Christ is telling all those who would follow him that doing so might cost them certain relationships. And it will feel like violence. Violence to the family. Violence to the relationship. Violence to the system. Because it is. “I have come to separate son from father and daughter from mother.” Jesus says, “it will feel like following me is the way of the sword, not the way of peace.” It is violence to the unhealthy system, to the uneasy “peace” of enmeshment, that says, “I am only happy for you if you do what I want or think that I need.” Jesus came to pull out a sword and cut that undifferentiated life to shreds.
Now, what I don’t think that Jesus is doing is saying that all families are necessarily like this. Of course, if it is a healthy family, where differentiation is celebrated and not feared, then mother and father and brother and sister can say with joy and celebration “I am happy for you! I am happy for your ‘new job’ as follower of Christ. I am happy for your new life. I am happy for the way that you define self.” I can imagine Jesus proclaiming families such as these as Kingdom-followers.
But in the language and context of his day, he was talking about a new way of living life, differentiated from needing to please others. Of course, he would not have used the same language as Freedman. But when he says “take up your cross.” When he says, “Follow me.” When he says “be a part of the Kingdom of God.” He is calling his listeners to a radical way of life, of follow-ship. Of discipleship. Leave your nets and follow me. Give up on your expectations to sit at my right hand and follow me. And now, leave behind the expectations of your family and those whom you love in order to follow me.
What Jesus called his hearers to – and calls us to – is what I would call “differentiated discipleship.”
• Differentiated discipleship is a life of freedom: following Christ with hope and anticipation, and not guilt or “shoulds” or overburdening expectations of others. Alongside comes a sense of freedom from the busy and stressed life of having to tell everyone “yes” to their needs and expectations.

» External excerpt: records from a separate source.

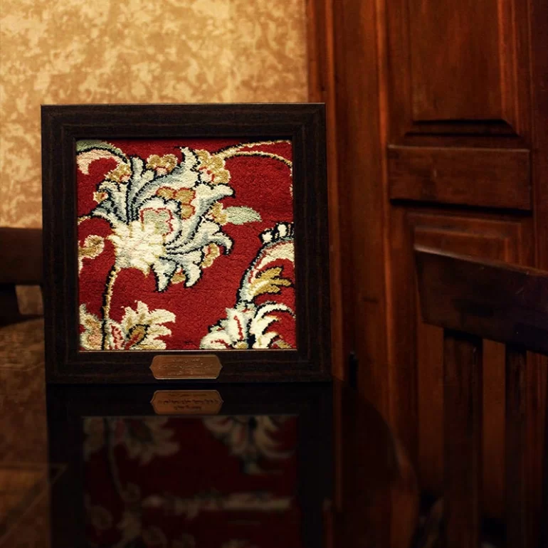 این محصول قطعه ای از فرشهای متبرک و قدیمی حرم حضرت علی بن موسی الرضا علیه السلام میباشد. جنس قاب این محصول PVC بوده و ابعاد دور تا دور قاب 20x20 سانتی متر میباشد.
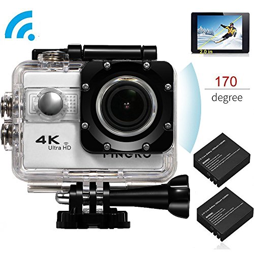 PINGKO Ultra HD 4K Waterproof Sport Action Camera,SONY Sensor WIFI 1080P 120fps HDMI 20MP+Dual 1050mAh Batteries with 2.0 Inch LCD Screen 170 Degree Wide Angle Lens Video Camcorder – Silver
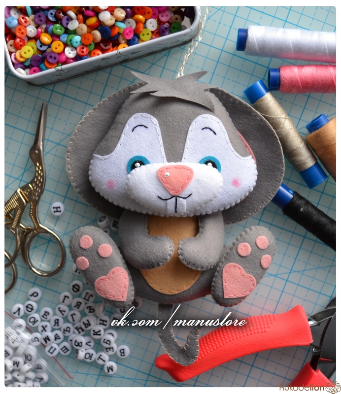 3. Инструменты и прочее: иголка, ножницы, синтепон, белая краска по ткани, румяна, пуговка, самоисчезающий маркер, клеевой пистолет со стержнем, клей "Момент Кристалл" (либо любой другой ваш любимый текстильный клей), пробойник по фетру и декоративный шнурок для подвешивания.
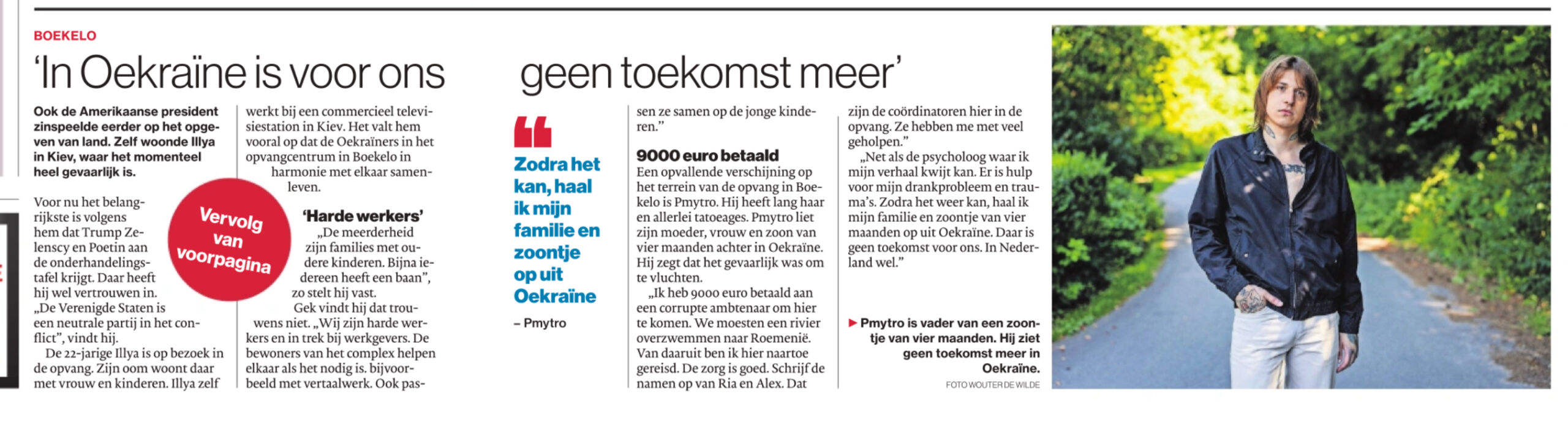 Een opvallende verschijning op het terrein van de opvang in Boekelo is Pmytro. Hij heeft lang haar en allerlei tatoeages. Pmytro liet zijn moeder, vrouw en zoon van vier maanden achter in Oekraïne. Vluchten was volgens hem te gevaarlijk.
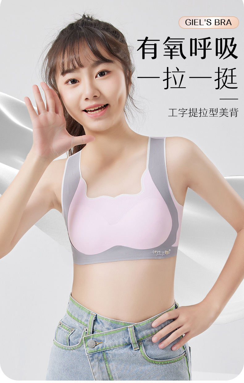 중,고등학생 여아 브라, 발달기 학생 스포츠 충격방지 조끼, 여아 I자형 아름다운 등교정 속옷
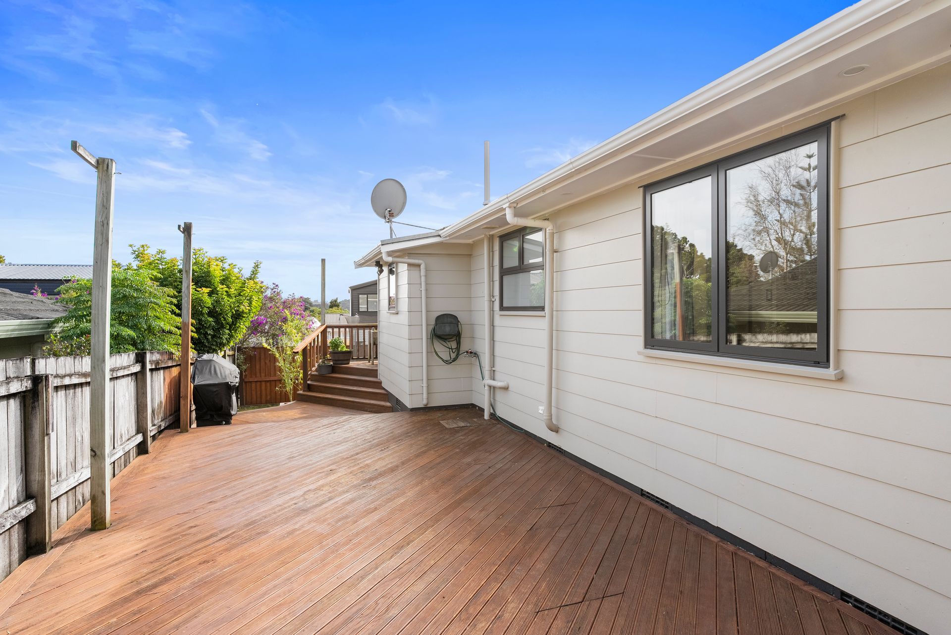 Huge entertaining deck off the kitchen with an in-built sandpit for the kids, thriving garden beds and yes, room for the trampoline, the boat and/or trailer.

• Differentiated discipleship is a life of confidence and strength. Instead of having to wait on someone else to tell you if you are doing it right, differentiated disciples are tough to intimidate or scare and ready to risk. It is no accident that Jesus also says in this passage: “do not be afraid.”
• Differentiated discipleship is a life of independence: following Christ and not another Christian. A pastor or parent or friend can support you and even offer advice, but no one can define who you are in the eyes of God.
• Differentiated discipleship is a life of grace: allowing others to follow Christ in the way that they are called, not expecting them to do in the way that you do it.
But above all, a life of differentiated discipleship is hard. It is a hard life to lead and there is a reason that Christ uses the metaphor of a cross to talk about this way of life. It is challenging and difficult. But there is hope. Christ tells us he will never leave us or forsake us.
• But in midst of the challenge, the Spirit is present. Guiding. Leading. Encouraging.
• In the midst of the challenge, others are present. Brothers and sisters in Christ, friends and – yes – even family members who support your call to follow Christ above all else.
• In the midst of the challenge, you are present. It hurts to struggle through the challenges of the faith. But when you do it in a way that feels like you are coming from a place of integrity, there is a deep strength that follows. You are able to be who God has called you to be, and no one can take that from you.
• Finally, in the midst of the challenge, the Gospel is present. And being proclaimed. Every time you take a differentiated stand for the Gospel of Christ, you are serving as a witness to the power of the Resurrected Christ.